» **INPUT DATA**
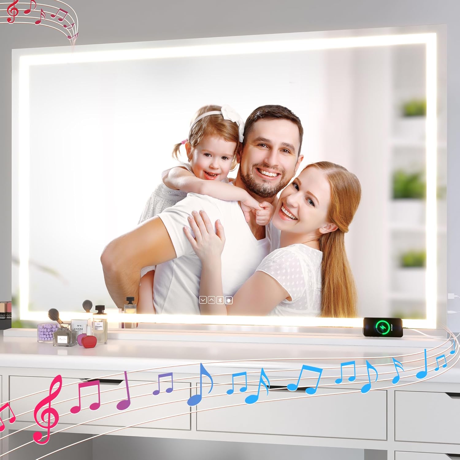 Hasipu Vanity Mirror with Lights and Bluetooth Speaker, 42" x 29.5" LED Makeup Mirror, Lighted Makeup Mirror with Dimmable 3 Modes, Touch Screen Control Vanity Mirror Square White
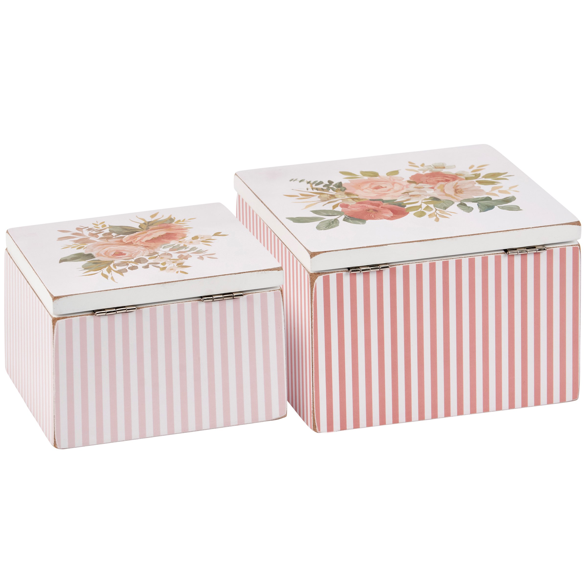 A set of two nesting hinged boxes from our Watercolor Collection displaying charming designs of cabbage rose bouquets replicated from original art hand painted in a unique watercolor style. Hinged box designs feature coordinating pink stripe patterns on the sides with subtle distressed details on the edges. Our Rose Bouquet hinged box set is a stylish home accent perfect for storing keepsakes or for desk organization.
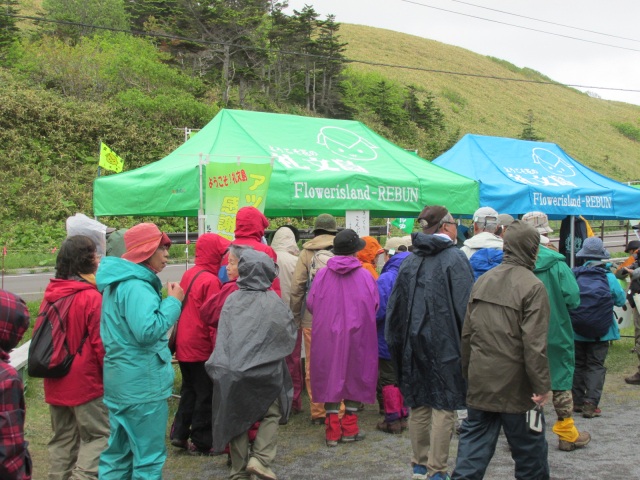 レブンアツモリソウが見ごろを迎える時期に群生地前で「礼文島リボンプロジェクト」のバッジ販売などを行い観光客を迎え入れているミニイベントです。礼文島のマスコットキャラクター「あつもん」に出会えるかもしれません。
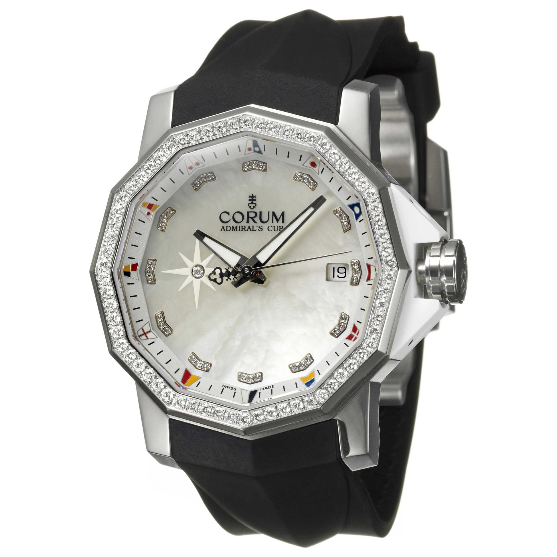 Corum, Admiral's Cup, Men's Watch, Stainless Steel Case, Rubber Strap, Mechanical Automatic Self-Winding Movement Swiss Made, 082-961-47-F371-PN14
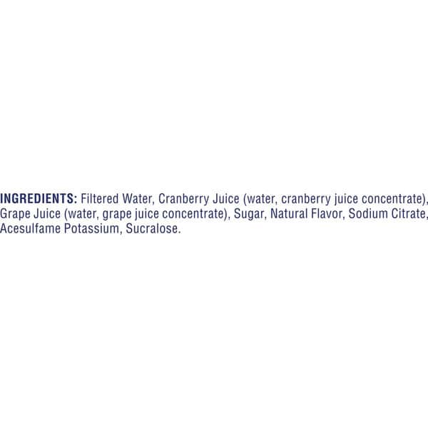 Filtered Water, Cranberry Juice (water, Cranberry Juice Concentrate), Grape Juice (water, Grape Juice Concentrate), Fructose, Sugar, Natural Flavor, Pectin, Sodium Citrate, Acesulfame Potassium, Sucralose
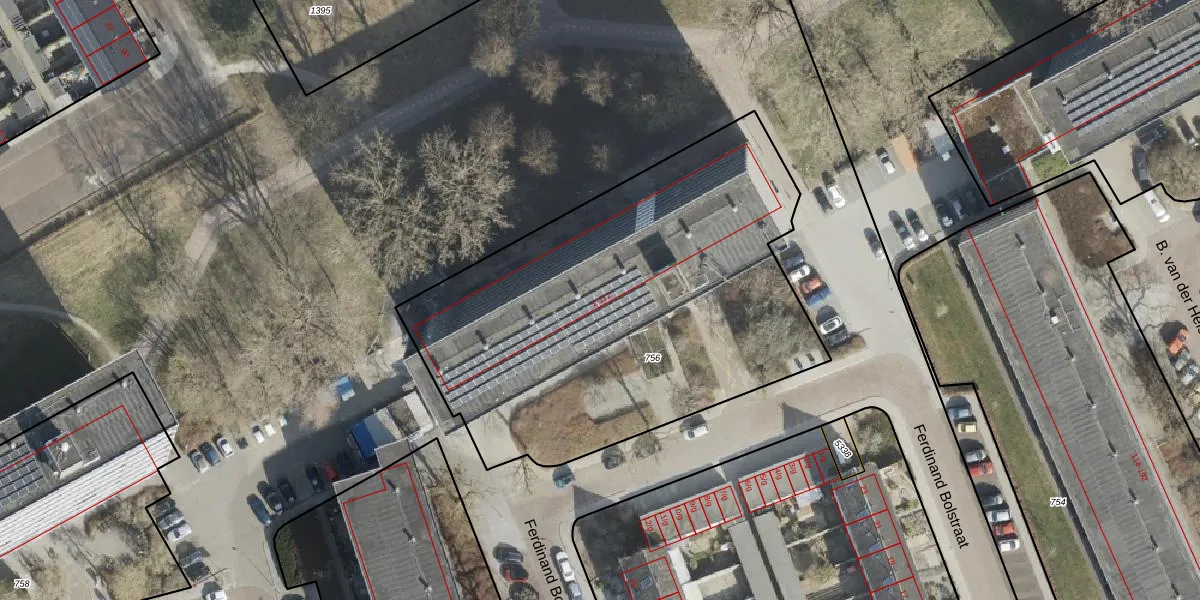 Het perceel waarop Ferdinand Bolstraat 8 staat heeft een oppervlakte van 2441 m². Dit is een zeer groot perceel. De perceeloppervlakte wordt geregistreerd door het Kadaster. Gedetailleerde informatie over de maten van dit perceel kunt u vinden in het rapport Kadastrale kaart met maatvoering van Ferdinand Bolstraat 8.

» **TASK REQUIREMENTS**
In the copy, include exactly the lines from the one with "Corum, Admiral's Cup, Men's" through the final line of the entries above, both ends counted, and no pictures.

» **COMPLETED EXERCISE**
 Corum, Admiral's Cup, Men's Watch, Stainless Steel Case, Rubber Strap, Mechanical Automatic Self-Winding Movement Swiss Made, 082-961-47-F371-PN14
 Filtered Water, Cranberry Juice (water, Cranberry Juice Concentrate), Grape Juice (water, Grape Juice Concentrate), Fructose, Sugar, Natural Flavor, Pectin, Sodium Citrate, Acesulfame Potassium, Sucralose
 Het perceel waarop Ferdinand Bolstraat 8 staat heeft een oppervlakte van 2441 m². Dit is een zeer groot perceel. De perceeloppervlakte wordt geregistreerd door het Kadaster. Gedetailleerde informatie over de maten van dit perceel kunt u vinden in het rapport Kadastrale kaart met maatvoering van Ferdinand Bolstraat 8.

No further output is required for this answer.